If you are publishing a scoped package and it is your first publish, you may see an error about payment. Scoped packages default to restricted (private), which requires a paid npm plan. To publish a scoped package as public for free:

npm publish --access public

Or set this permanently in your package.json:

"publishConfig": {
  "access": "public"
}

Verify your package is live

Open your package page in a browser:

https://www.npmjs.com/package/your-package

Replace your-package with your actual package name. You should see your README, your version number, and the metadata from your package.json.

You can also verify from the terminal:

npm view your-package

What you should see

The same metadata block you saw in lesson 1 when you ran npm view multicorn-shield, but now showing your own package. The dist-tags line should show latest: 1.0.0 (or whatever version you published).

Try installing your own package in a temporary directory to confirm it works:

mkdir /tmp/test-install
cd /tmp/test-install
npm init -y
npm install your-package

What you should see

added 1 package in 1s

(The exact number of packages may be higher if your package has dependencies.)

Open node_modules/your-package/ and confirm the files match what npm pack --dry-run showed. Your dist files should be there. Your test files and source files should not.

What you cannot undo

Once a version is published to npm, you can unpublish it within 72 hours. After 72 hours, you cannot remove it. Even within that window, unpublishing is discouraged because other people may already depend on that version.

The practical implication: treat every publish as permanent. Dry run first. Read the output. Be certain before you hit enter.
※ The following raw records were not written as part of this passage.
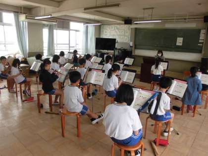 音楽の学習では,リコーダーの2重奏を練習しています。きれいに音が重なり合い素敵なハーモニーが音楽室に響いています。友達の音色を聞きながら,自分の音を重ねることができるようにと思います。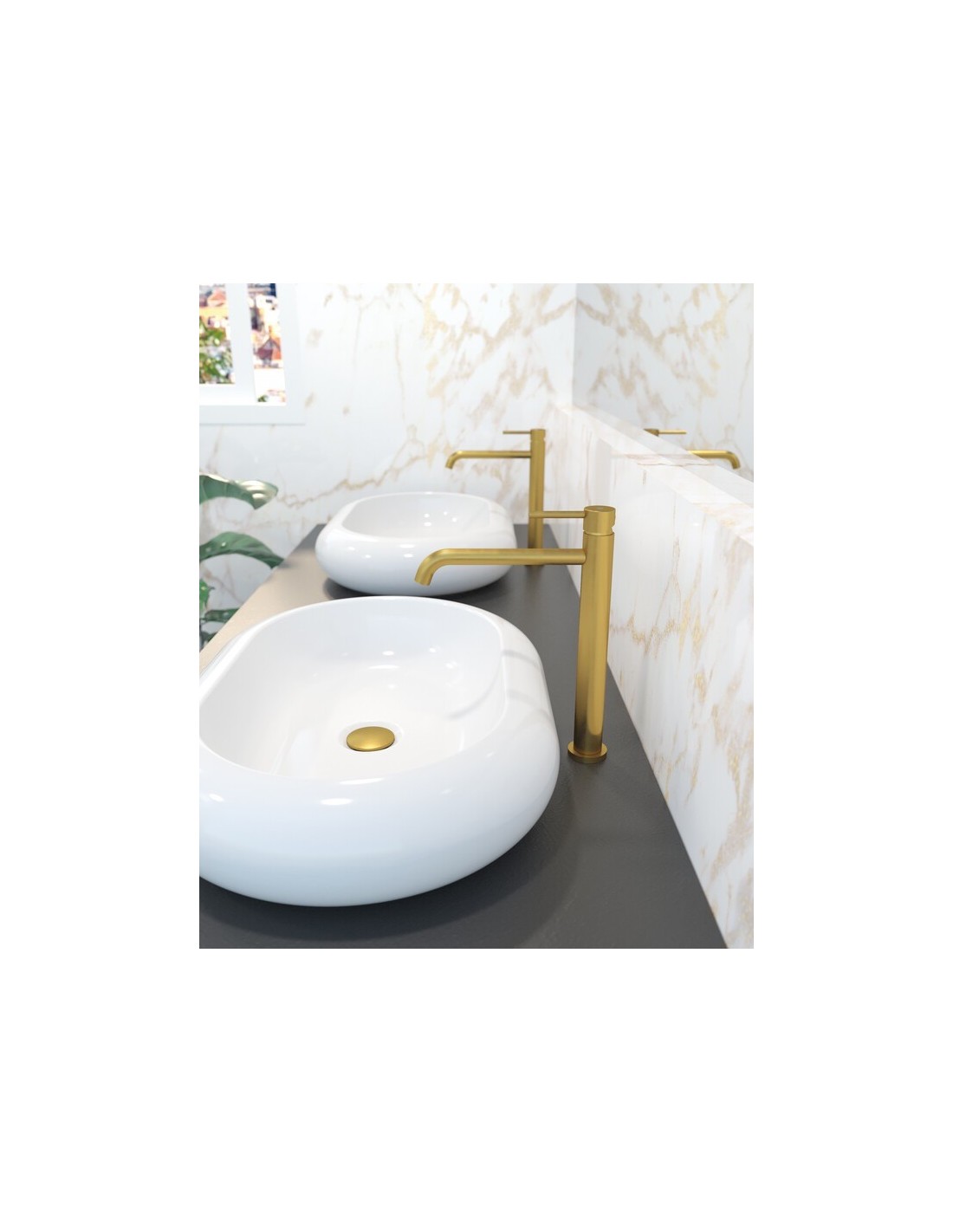 MITIGEUR MONOCOMMANDE A BEC HAUT EN LAITON FINITION PVD "COLLECTION SIRIO GME"
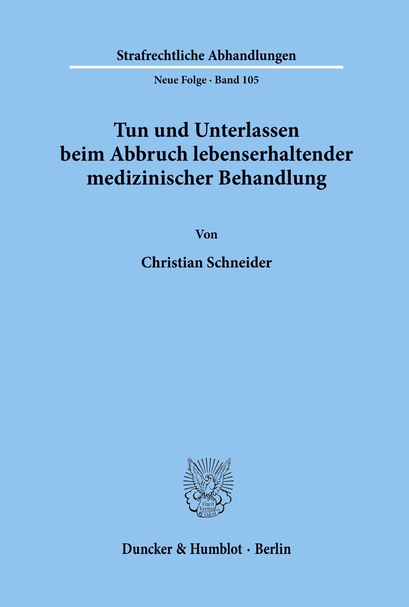Tun und Unterlassen beim Abbruch lebenserhaltender medizinischer Behandlung. (německy)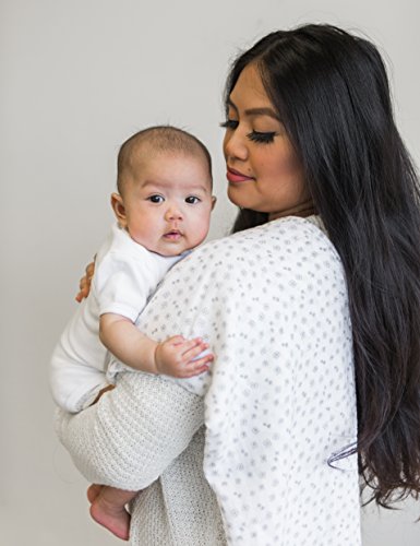 Amazing Baby premium quality muslin swaddles get softer with every wash. The Swaddle Studio features 2 coordinating prints plus one full-size print designed to be used as a backdrop for your baby’s photos. In addition, the large full-size print could be used as a decorative wall hanging or over the stroller, a privacy throw or playmat for tummy time. Exclusive designs by artist and mom, Lynette Damir. Rest easy when your baby is lovingly swaddled in premium 100% cotton muslin. The open weave increases breathability and reduces the risk of overheating. The generous size and square shape makes swaddling easy as 123. 46 x 46 inches (116 x 116 cm). Machine washable. Designed and manufactured by SwaddleDesigns.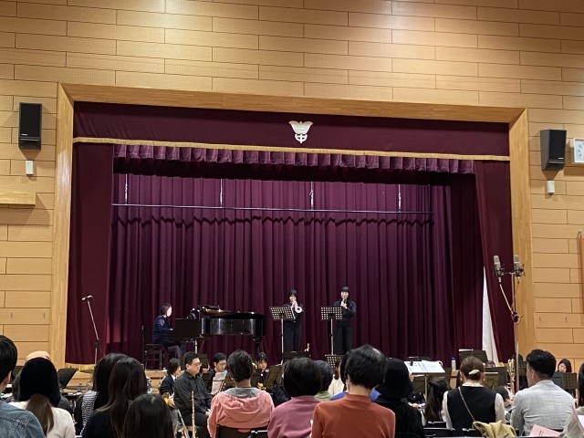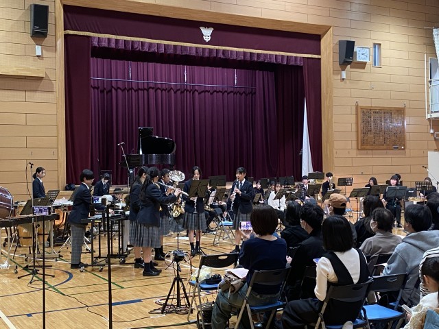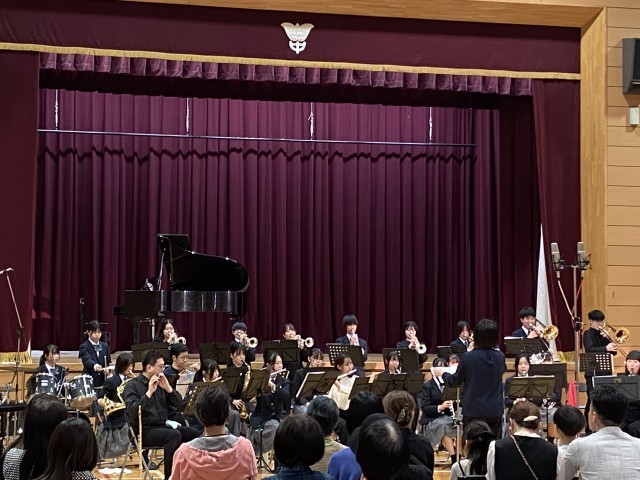 吹奏楽部がスプリングコンサートを開催しました。今年度は部員が増え、充実した編成になりました。さらに今日は部員の保護者の方やご指導いただいているコーチの方にも加わってもらい、コンクールで演奏した曲や最近のヒットソングまで、会場と一体となって楽しいコンサートとなりました。ご来場いただいた皆さんありがとうございました。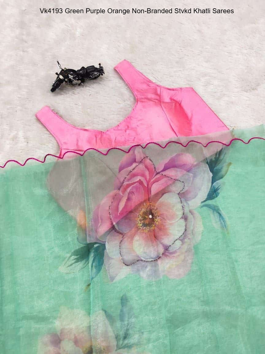 Vk4193 Green Purple Orange Non-Branded Stvkd Khatli Sarees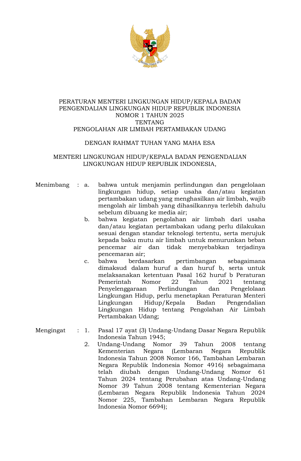 PERMEN Nomor 1 Tahun 2025 | Peraturan Menteri Nomor 1 Tahun 2025 tentang PENGOLAHAN AIR LIMBAH PERTAMBAKAN UDANG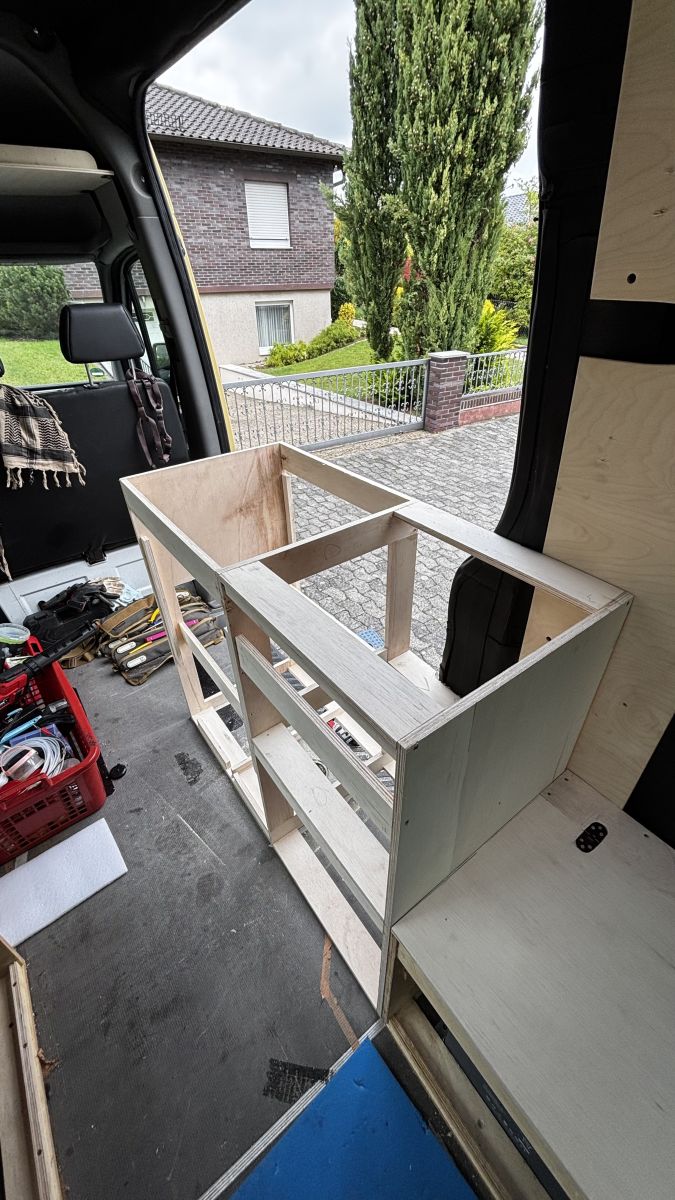Auf dem linken Teil des Schranks ist die Spüle unter gebracht. Der Abwassertank liegt unter der Spüle auf dem Boden. Dazwischen wird eine Schublade eingebaut.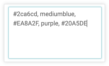 To change a selected color, or edit all colors at once, input hex strings, such as #2ca6cd, or CSS color names, such as mediumblue, into the color value box at the bottom of the picker.

If you publish a version with a bug, the correct response is to publish a new patched version, not to unpublish the broken one. We cover this workflow in lesson 5.

Checkpoint

Before moving on:

1. Run npm whoami and confirm you are logged in.
2. Run npm publish --dry-run and read every line.
3. If this is a real package you intend to publish, run npm publish and verify the package page appears on npmjs.com.
4. If this is a practice exercise, you can create a scoped test package under your own npm username (e.g. @your-username/test-package) and publish that instead.

Your package is live. The next lesson covers how to manage version numbers as you ship updates.